We think it is important to explore and develop these connections and issues. The Open Knowledge Foundation is therefore today **launching an Open Data & MyData Working Group**. Sign up here to participate:

This will be a place to discuss and explore how open data and personal data intersect. How can principles around openness inform approaches to personal data? What issues of privacy and anonymisation do we need to consider for datasets which may become openly published? Do we need “MyData Principles” that include the right of the individual to use, reuse and redistribute data about themselves if they so wish?

## Appendix

There are plenty of challenging issues and questions around this topic. Here are a few:

### Anonymization

Are big datasets actually anonymous? Anonymisation is incredibly hard. This isn’t a new problem (Ars Technica had a [great overview][ars] in 2009) although it gets more challenging as more data is available, openly or otherwise, as more data which can be cross-correlated means anonymisation is more easily breached.

### Releasing Value

There’s a lot of value in personal data – [Boston Consulting Group claim €1tn][ftvalue]. But even BCG point out that this value can only be realised if the processes around personal data are more transparent. Perhaps we can aspire to more than transparency, and have some degree of personal control, too.

### Governments

Governments are starting to offer some proposals here such as “MiData” in the UK. This is a good start but [do they really serve the citizen][TH1]?

There’s also some [proposed legislation][midatalaunch] to drive companies to give consumers the right to see their data.

But is access enough?

The consumer doesn’t own their data (even when they have “MiData”-style access to it), so can they publish it under an open licence if they wish?

### Whose data is it anyway?

Computers, phones, energy monitors in my home, and so on, aren’t all personal to me. They are used by friends and family. It’s hard to know whose data is involved in many cases. I might want privacy from others in my household, not just from anonymous corporations.

This gets even more complicated when we consider the public sphere – surveillance cameras and internet of things sensors are gathering data in public places, about groups of independent people. Can the people whose images or information are being captured access or control or share this data, and how can they collaborate on this?
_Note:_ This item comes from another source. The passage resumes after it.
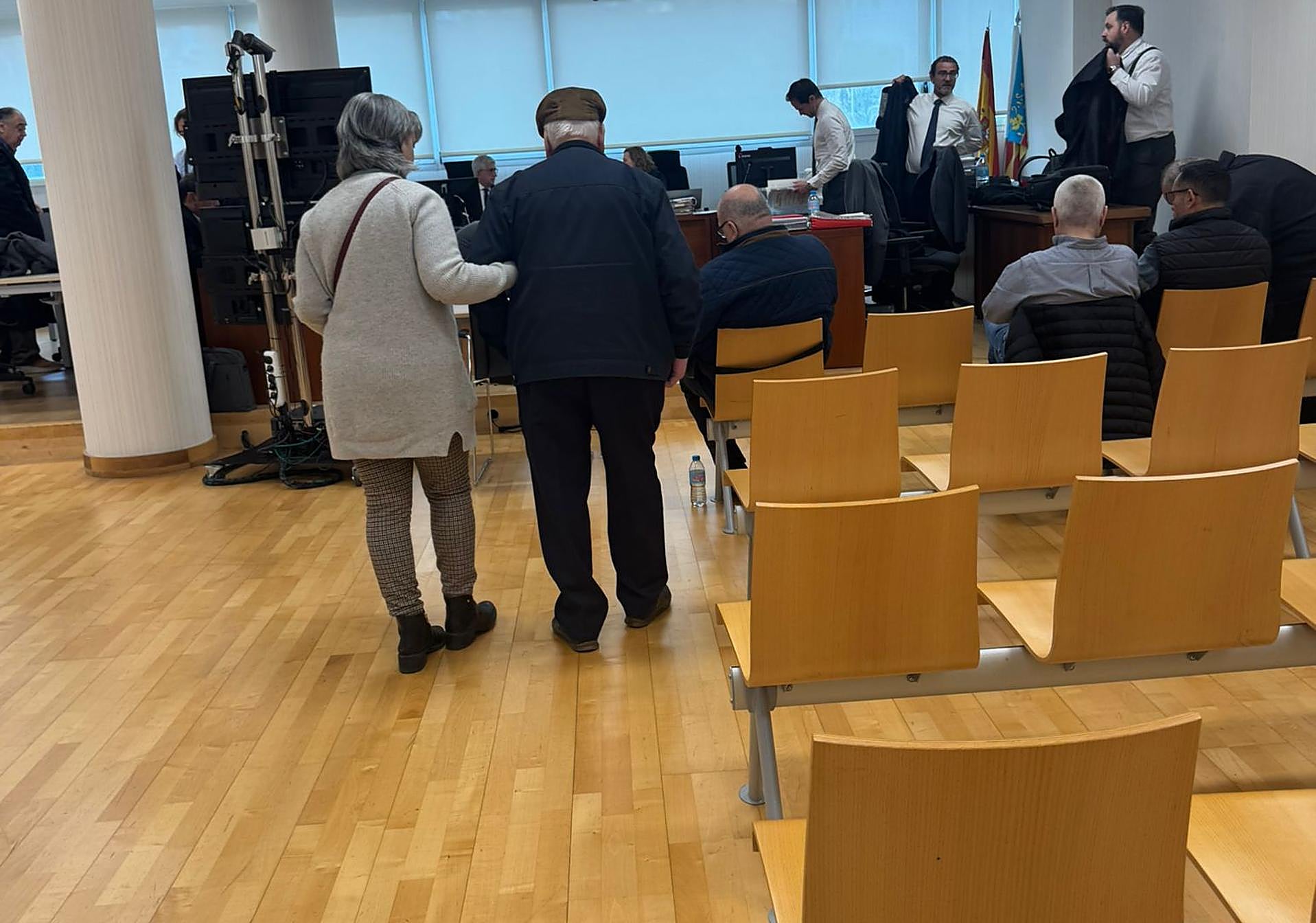 Varios acusados, de espaldas, durante el juicio en Elche.
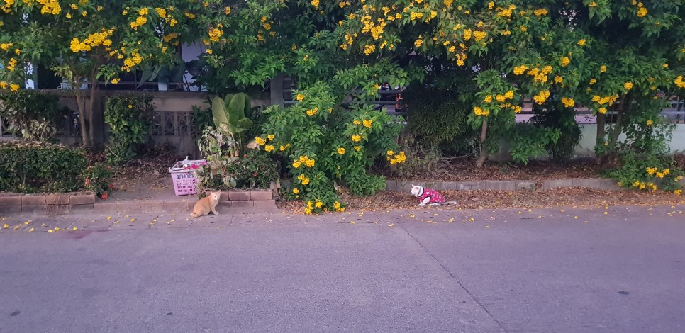 파리 떼와 한낮 더위에 지쳐 있던 연짱이의 만땅 짜증을 풀어준 고양이가 있는 풍경. 숙소 골목에서 대치 중이었다.

How can consent be secured in these situations? Do we have to accept that some information simply cannot be private in a networked world?

(Some of these issues were raised at the Open Internet of Things Assembly in 2012, which lead to a [draft declaration][iot]. The declaration doesn’t indicate the breadth of complex issues around data creation and processing which were hotly debated at the assembly.)

### MyData Principles

We will need **clear principles**. Perhaps, just as the Open Definition has help clarify and shape the open data space, we need analogous “MyData” Principles which set out how personal data should be handled. These could include, for example:

* That my data should be made available to me in machine-readable bulk form
* That I should have right to use that data as I wish (including using, reusing and redistribution if I so wish).
* That none of my data (where it contains personal information) should be made open without my full consent.